A communication takes place between two endpoints:
- sender: made of an information source and an encoder
- receiver: made of an information destination and a dencoder
Information is carried by a channel in the form of a sequence of symbols of a finite alphabet.
The receiver gets information only through the channel:
- it will be uncertain on what the next symbol is, until the symbol arrives
- thus we model the sender as a random variable
Acquiring information is modeled as getting to know an outcome of a random variable $X$. The amount of information depends on the distribution of $X$.
Intuitively: the closer is $X$ to a uniform distribution, the higher the amount of information I get from knowing an outcome.
Encoding maps each outcome as a finite sequence of symbols: more symbols should be needed when more information is sent.
Measuring uncertainty: Entropy
The desiderable properties of a measure of uncertainty are:
- Non negative measure of uncertainty
- "combining uncertainties" should map to adding entropies
Let $X$ be a discrete random variable with $n$ outcomes in $\lbrace x_0, ..., x_n−1 \rbrace$ with $Pr(X = x_i) = p_i$ for all $0 \le i \le n$
The entropy of $X$ is $H(X) = \sum_{i=0}^{n-1}{-p_i log_b(p_i)}$
The measurement unit of entropy depends on the base $b$ of the logarithm: typical case for $b = 2$ is bits.

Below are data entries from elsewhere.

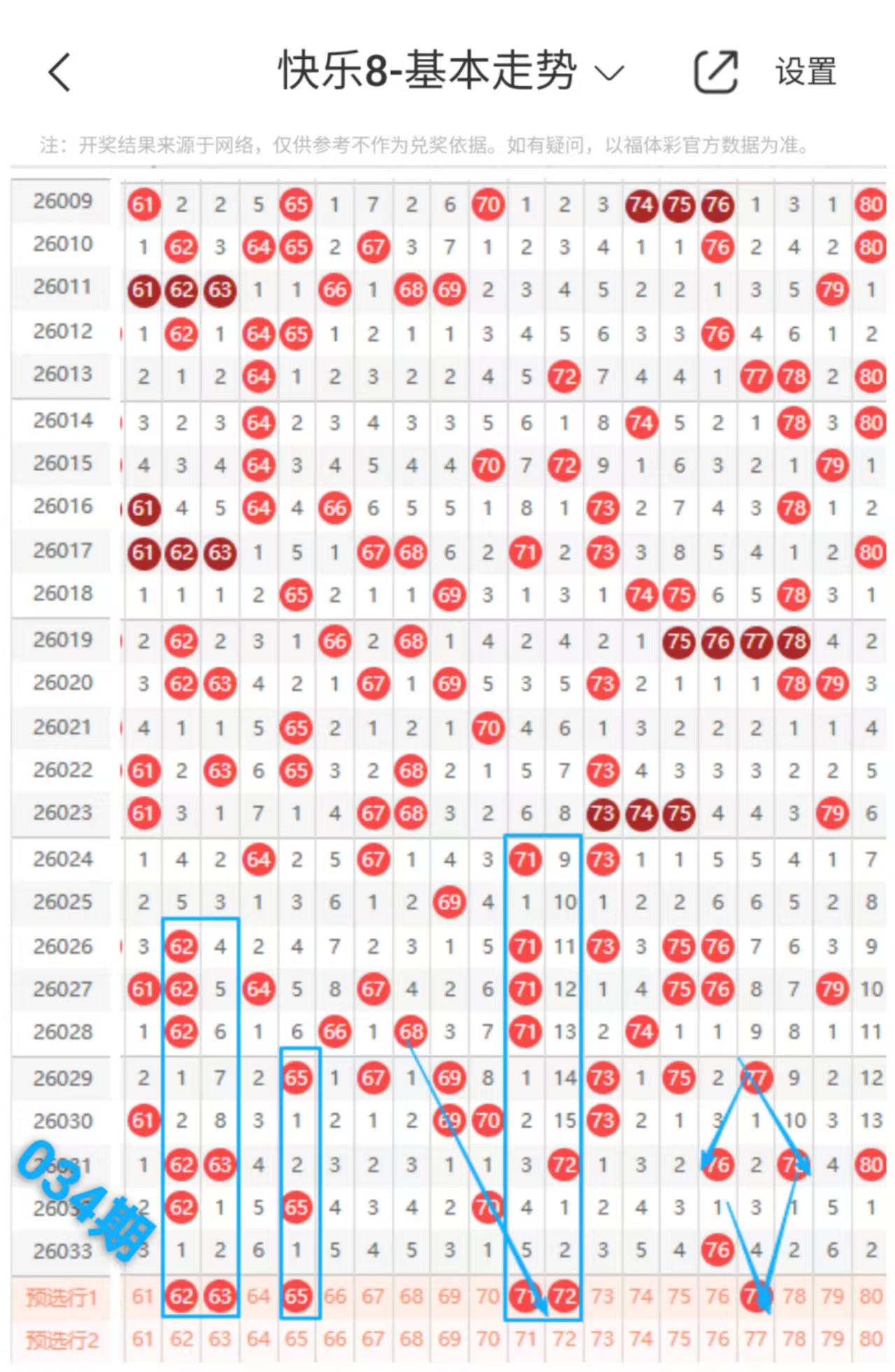 快乐八034期走势分析(上期会员中选二和一组选五复式+继续跟上吃肉)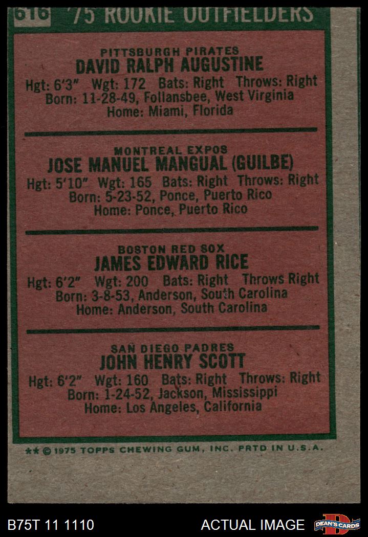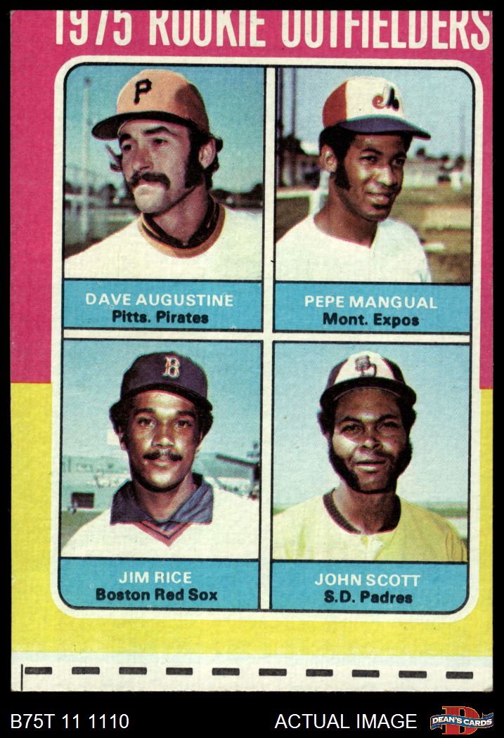 1975 Topps #616  -  Jim Rice / Dave Augustine / Pepe Mangual / John Scott Rookie Outfielders Front Thumbnail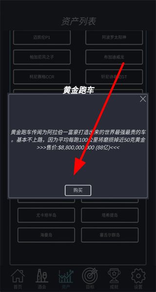 3、還能購買特殊資產(chǎn),如黃金跑車,這些特殊資產(chǎn)也能為賺錢帶來幫助,提升整體收益。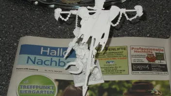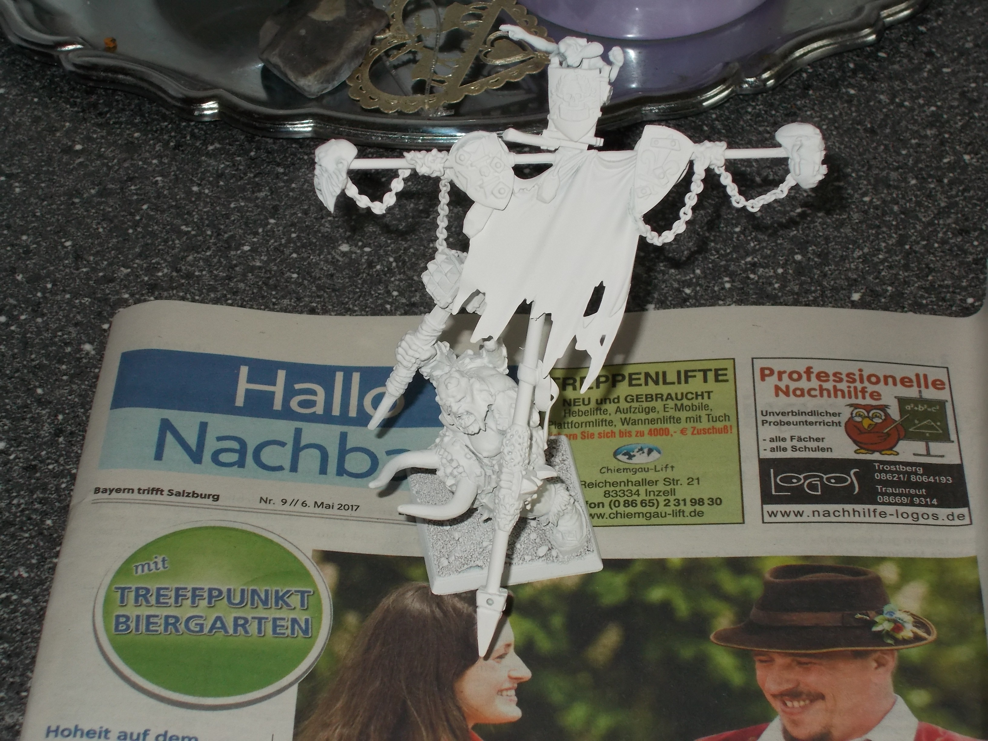Aktueller Status ... eh klar, noch extrem viel WIP dabei. Die Haut ist nur Grundton plus Ink, die Hose und Schuhe sind nur Grundton, genauso wie der Standartenschaft ausser Grundton noch gar nicht angefasst wurde.

Example: $X$ is a sequence of 6 unif. random letters ($6^{26} \approx 3.1 \times 10^7$), then $H(X) \approx 28.2b$.
Shannon’s noiseless coding theorem
It is possible to encode the outcomes $n$ of i.i.d. random variables, each one with entropy $H(X)$, into no less than $nH(X)$ bits per outcome. If $< nH(X)$ bits are used, some information will be lost.
Direct conseguence:
- Arbitrarily compression of bitstrings is impossible without loss
- Cryptographic hashes must discard some information
- Guessing a piece of information (= one outcome of $X$) is at least as hard as guessing a $H(X)$ bit long bitstring
- overlooking for a moment the effort of decoding the guess
Min-Entropy
It is possible to have distributions with the same entropies.

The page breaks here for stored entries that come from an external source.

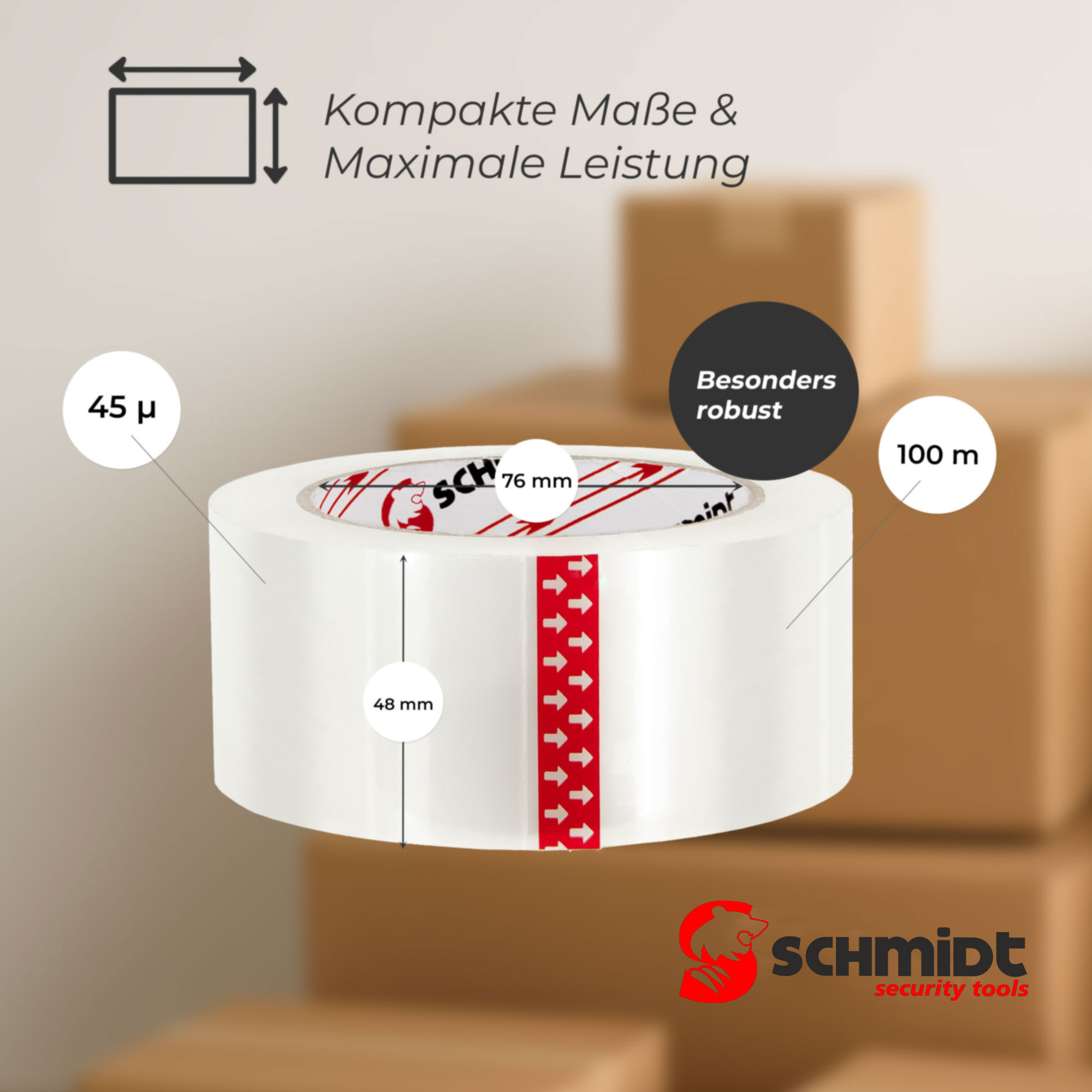 SCHMIDT security tools Klebeband 100m 48mm 45my Transparent Packband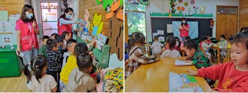 幼兒園教室里設(shè)有圖書角,志愿者精心挑選了一些精彩、經(jīng)典的繪本故事放在其中供孩子們自行挑選。簡單的文字、生動的插圖、動人的情節(jié),無一不吸引著孩子們的注意力,大家迫不及待地讀起繪本,打開一扇觀察世界的大門?,F(xiàn)場,志愿者還向孩子們介紹繪本故事,并邀請孩子講述自己喜歡的選段,分享喜歡的理由和讀后的感想,在分享互動中充分鍛煉他們的閱讀、理解、表達能力。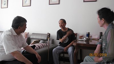 在庆祝中国共产党建党97周年之际,古脊椎所党委书记苗建明、党群工作处处长马安娜、离退办邵颖以及离退休党支部代表王秋元一起走访慰问了身患重病及部分年老体弱的老党员,为老党员们送上组织的亲切关怀和慰问金,苗建明书记代表所党委关心问候老党员们的生活和健康情况,他对老党员说,你们是我党的宝贵财富,为党的建设和古脊椎所的发展作出了积极贡献,希望老党员好好保重身体,健康快乐地享受晚年生活。老党员们怀着激动的心情,感谢党委领导和党组织的关心和爱护,表示在今后的生活中,一定积极支持、配合党组织工作,发挥老党员的余热。(古脊椎所离退办供稿)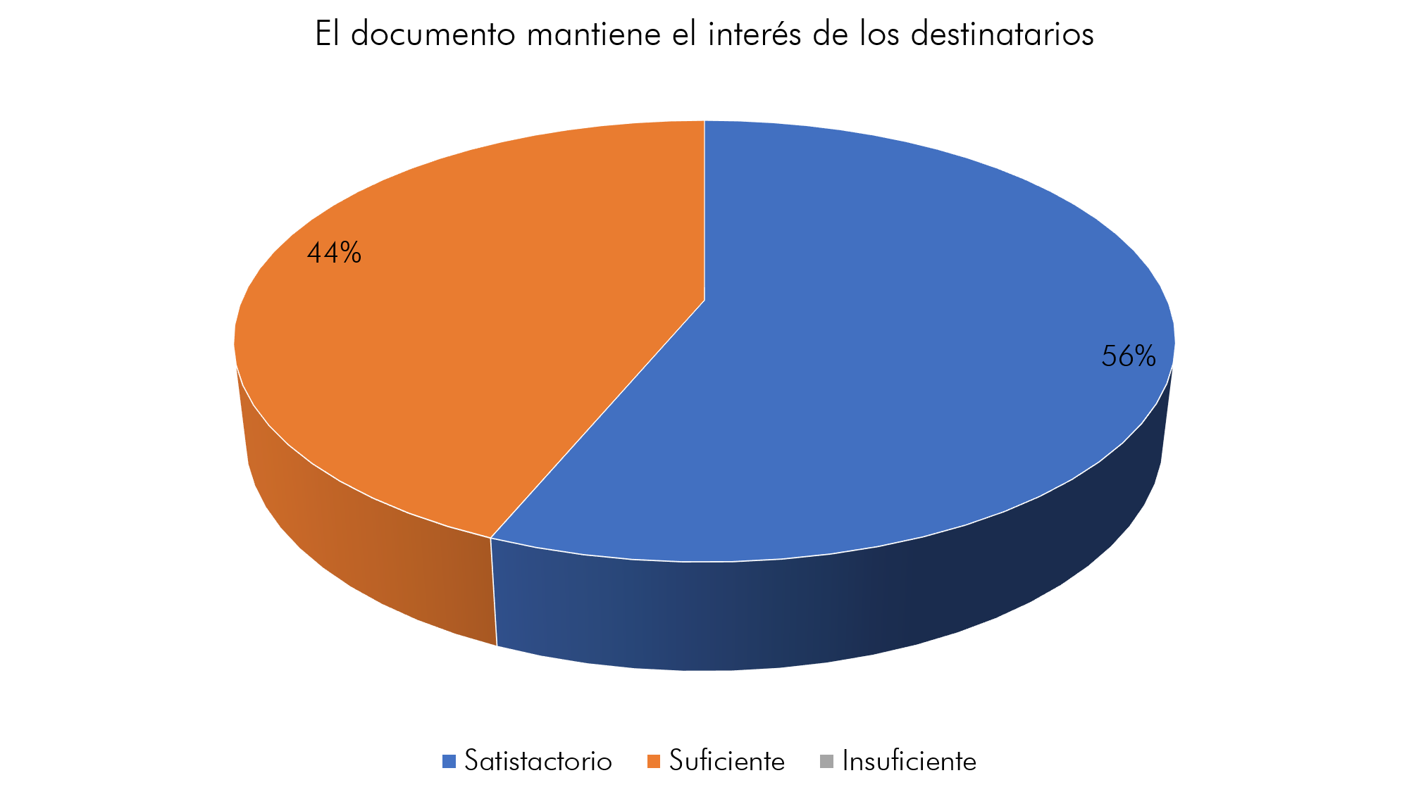 De acuerdo con la figura 4 los estudiantes consideran que el documento mantiene el interés de los destinatarios, calificándolo como satisfactorio (56%) y suficiente (44%), indicando que para el 100% de la muestra los documentos facilitados fueron aceptados en relación a este parámetro.

We define the min-entropy of $X$ as $H_{\infty}(X) = −log(max_{i}p_i)$.
Intuitively: it’s the entropy of a r.v. with uniform distribution, where the probability of each outcome is $max_{i}p_i$.
Guessing the most common outcome of $X$ is at least as hard as guessing a $H_{\infty}(X)$ bit long bitstring.
Example of min-entropy
Consider the function $X$: $$ \begin{cases} X = 0^{128} &\text{with Pr } \frac{1}{2}; \ X = a, a \in 1\lbrace 0, 1 \rbrace^{128} &\text{with Pr } \frac{1}{2^{128}} \end{cases} $$
Predicting an outcome shouldn’t be too hard: just say $0^{128}$
- $H(X) = \frac{1}{2}(-log_2\frac{1}{2}) + 2^{127}\frac{1}{2^{128}}(-log_2\frac{1}{2^{128}}) = 64.5b$
- $H_{\infty}(X) = -log_2\frac{1}{2} = 1b$
So min-entropy tells us that guessing the most common output is as hard as guessing a single bit string.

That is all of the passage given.